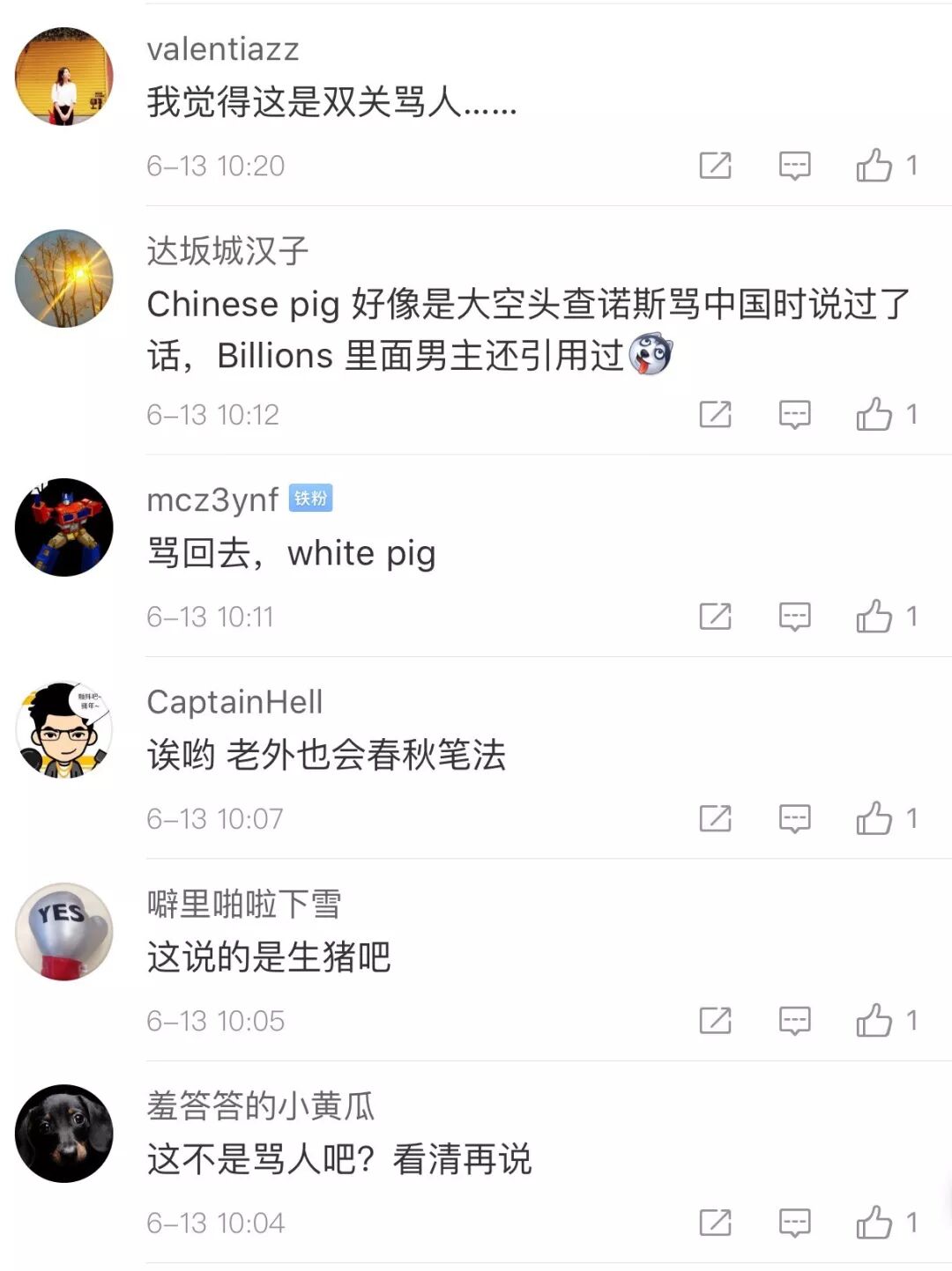 是不是读着很奇怪?我直译为了“中国的猪”,加了个“的”,貌似还没有歧义;但常识要求我别这么傻啊,毕竟不能揣着明白装糊涂,一直到今天,在不少美剧、好莱坞大片以及西方人的社交网络里,那句歧视用语“Chinese pig”,都还没有从他们的口头语中消失。
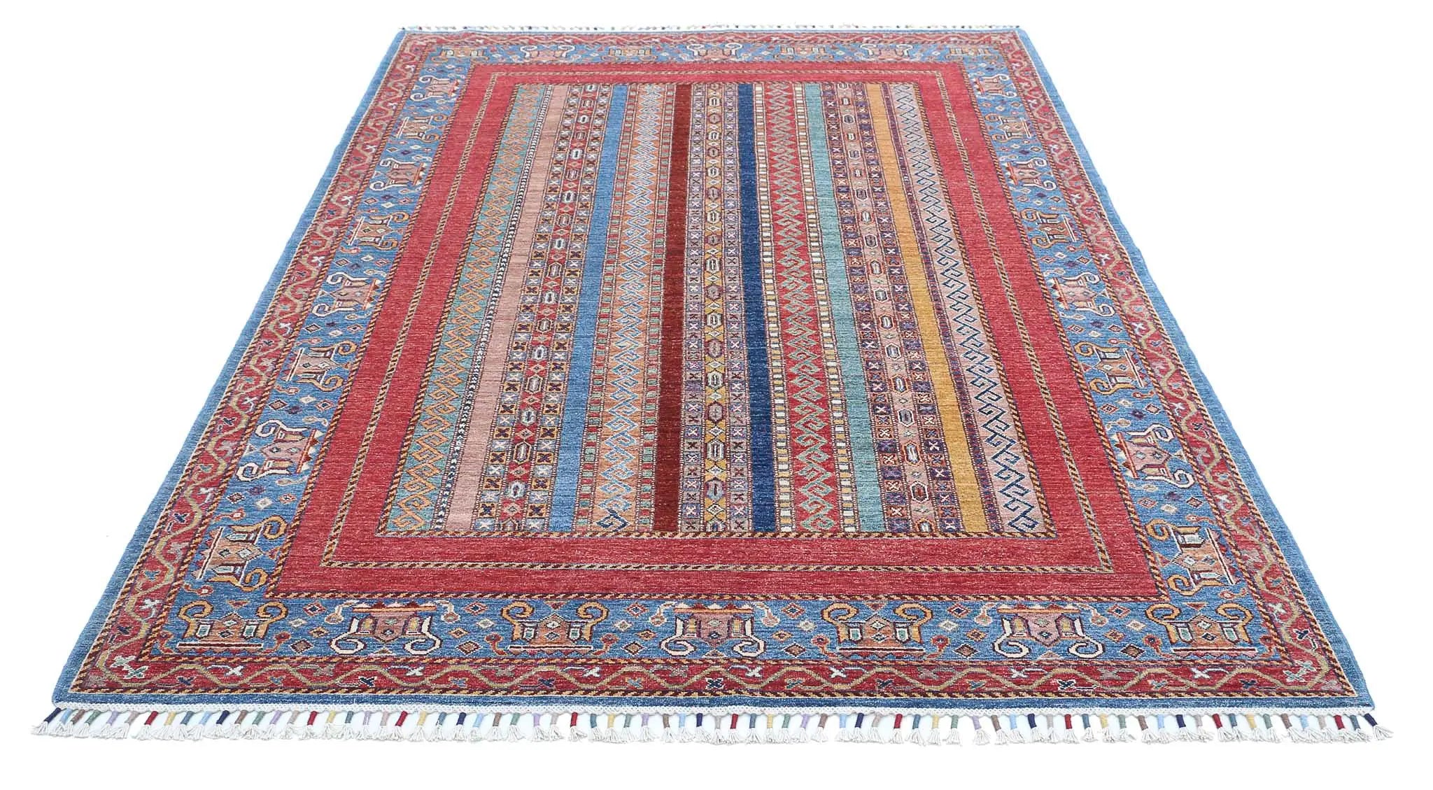 Afghanistan is the country where Shaal carpets, a type of oriental rug, are produced. They are renowned for their intricate designs, hand-spun wool, and use of natural vegetable dyes. A variety of oriental designs, including Persian flower patterns, tree of life patterns and garden themes, are the inspiration for shaal carpets. They frequently have colorful, wool-wrapped tassels and are typically woven in an Afghani weave. Along with their distinctive vertical stripes, Shaal carpets stand out from Khurjeen rugs with their horizontal patterns.
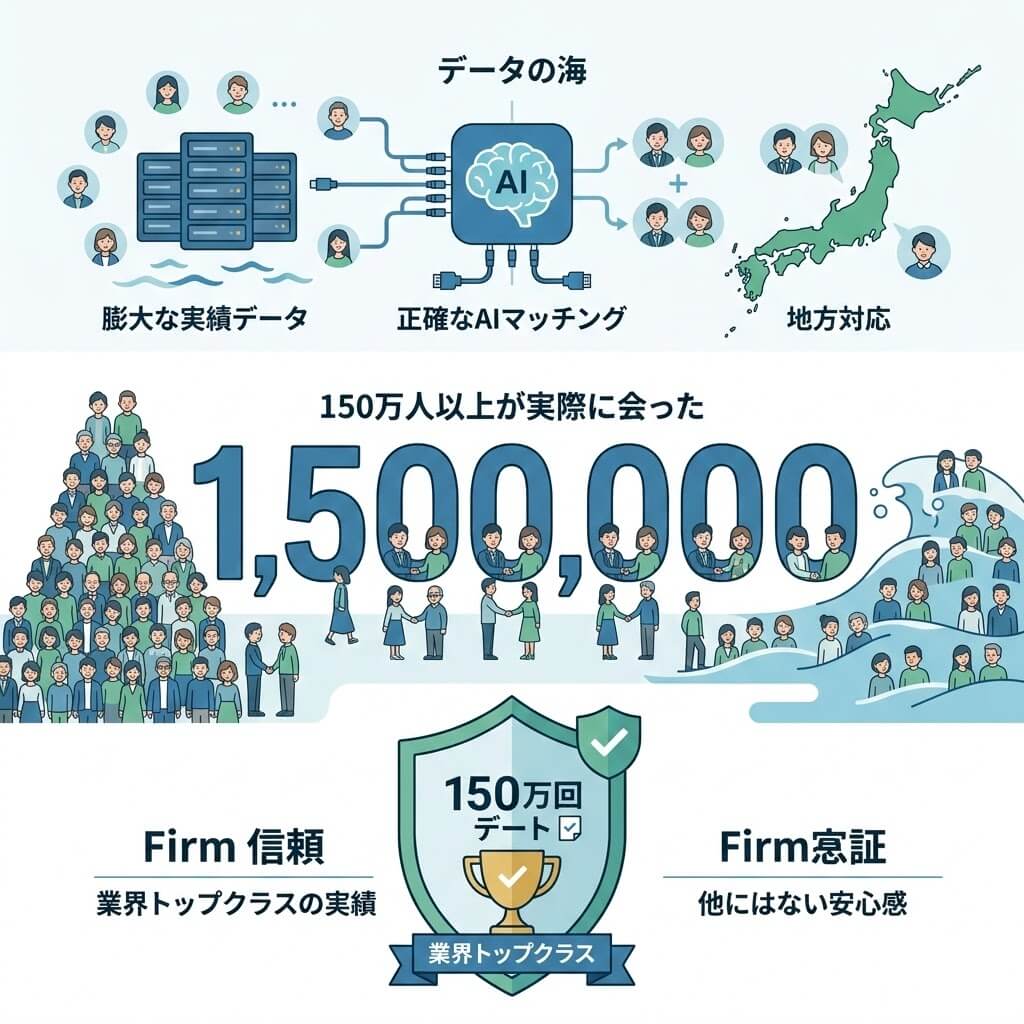 デーティングサービスの中でも、累計デート人数150万人突破という数字は業界トップクラスです。これは、単なるマッチング数ではなく「実際に会った数」である点が重要です。豊富なデータ量があるからこそ、AIの精度も高く、地方都市を含む幅広いエリアでのマッチングを可能にしています。実績に裏打ちされた安心感は、他サービスにはない強みです。

****************

#### REQUIRED ACTION:
The exact lines from the beginning of the data through the one that contains "Afghanistan is the" must be given again, both ends included, and pictures must be left out.

#### SOLVED EXERCISE:
 是不是读着很奇怪?我直译为了“中国的猪”,加了个“的”,貌似还没有歧义;但常识要求我别这么傻啊,毕竟不能揣着明白装糊涂,一直到今天,在不少美剧、好莱坞大片以及西方人的社交网络里,那句歧视用语“Chinese pig”,都还没有从他们的口头语中消失。
 Afghanistan is the country where Shaal carpets, a type of oriental rug, are produced. They are renowned for their intricate designs, hand-spun wool, and use of natural vegetable dyes. A variety of oriental designs, including Persian flower patterns, tree of life patterns and garden themes, are the inspiration for shaal carpets. They frequently have colorful, wool-wrapped tassels and are typically woven in an Afghani weave. Along with their distinctive vertical stripes, Shaal carpets stand out from Khurjeen rugs with their horizontal patterns.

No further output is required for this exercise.